La bellezza è dappertutto: nei paesi come Roccafiorita, dove la vetta della montagna sostiene il cielo e la brezza marina entra nelle finestre lasciando "un suono buono come un odore di pane di casa"; nelle trazzere perdute, nei campanili di Casalvecchio Siculo, nelle case, nei volti. Ma se un tempo la Sicilia aspirava a rimanere un mondo senza fenditure, senza comunicazioni con l'esterno, esaudito dalla sua pienezza e bellezza, dalle sue buie e segrete radici se è vero, insomma, che a un Ulisse, nella considerazione popolare, veniva preferito Polifemo, il ribelle che non vuole stranieri nella propria terra , ora si apre irrimediabilmente all'altro da sé. Una bellezza da condividere, dunque, a malincuore. Sicché: Alicudi, isola popolata da animali, ha la sua Eva Maria Stark, donna tedesca che ha munito la propria casa di un pannello solare, una fata che da molti è considerata una strega; il Simeto, dov'è forte il verso delle poiane e il profumo di ginestre, terra di magie e di influssi astrali, accoglie sulle sue sponde la naturalista di Brema Stephanie Hermsen; Canicattì ha le sue rumene, polacche e albanesi, più di mille, e belle, "più belle dell'uva Italia per la quale i Canicattesi una volta perdevano la testa", e che sono la rovina delle unioni coniugali; donne scandinave arrivano di continuo a Corleone a cercar marito dopo il servizio entusiastico di una giornalista danese; Motta Sant'Anastasia ha Sigonella, base militare americana.

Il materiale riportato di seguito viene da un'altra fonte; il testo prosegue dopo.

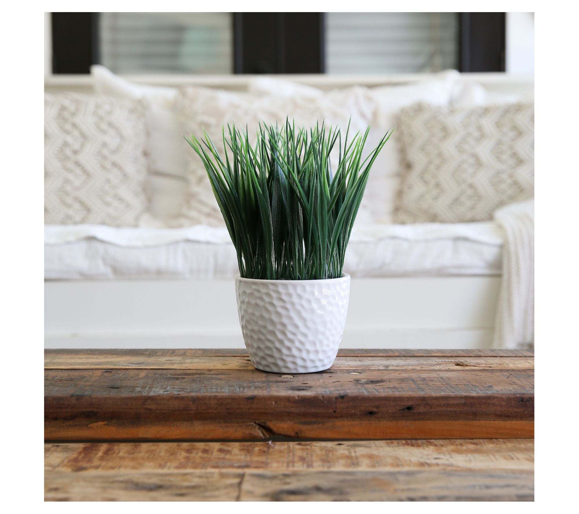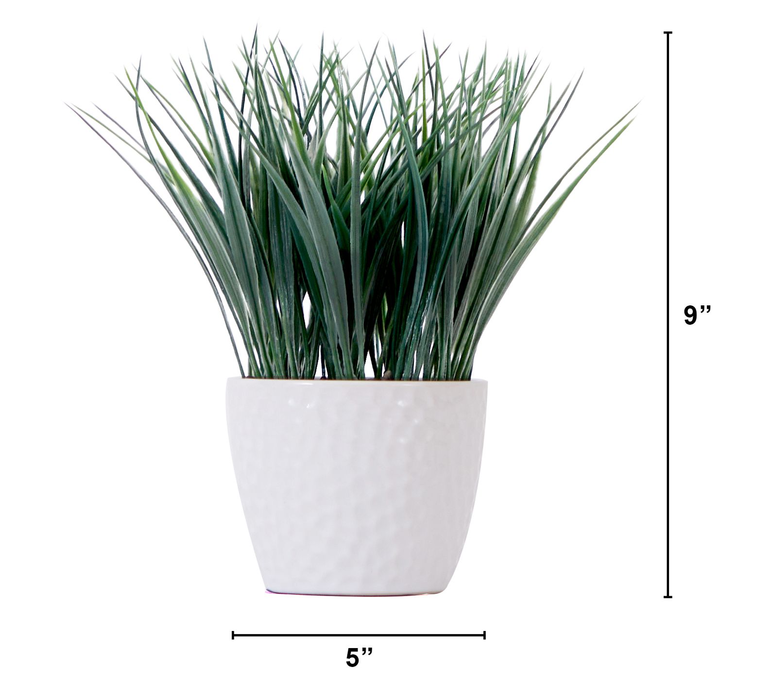 Transform your workspace or home with the Nearly Natural 9" Artificial Grass Plant, a vibrant addition that introduces a touch of greenery without the need for maintenance. Its spiky leaves, crafted from premium materials, create an eye-catching display in a sleek white decorative planter, perfect for any setting. From Nearly Natural.

Curioso sapere, poi, che i soldati americani arrivati a Motta partecipano a un corso di preparazione alla vita siciliana. Per le soldatesse un avvertimento speciale: "I Siciliani vi faranno per strada un sacco di complimenti solo per portarvi a letto; non vi impressionate e non vi offendete: fanno sempre così". Ma al primo posto della sicilian live figura l'educazione stradale: "I Siciliani sorpassano a destra e suonano ai semafori, vi stanno attaccati al cofano e non usano le frecce. Massima allerta". Una sorta di vademecum che riporta alla memoria quei famosi e più antichi Avvertimenti a Marco Antonio Colonna quando andò viceré in Sicilia di Scipio Castro, databili alla seconda metà del secolo XVI, su cui Sciascia, per allestire la sua categoria di "sicilitudine", ha tanto almanaccato. Peccato però che, in quasi tutti gli incidenti stradali, siano coinvolti automezzi americani.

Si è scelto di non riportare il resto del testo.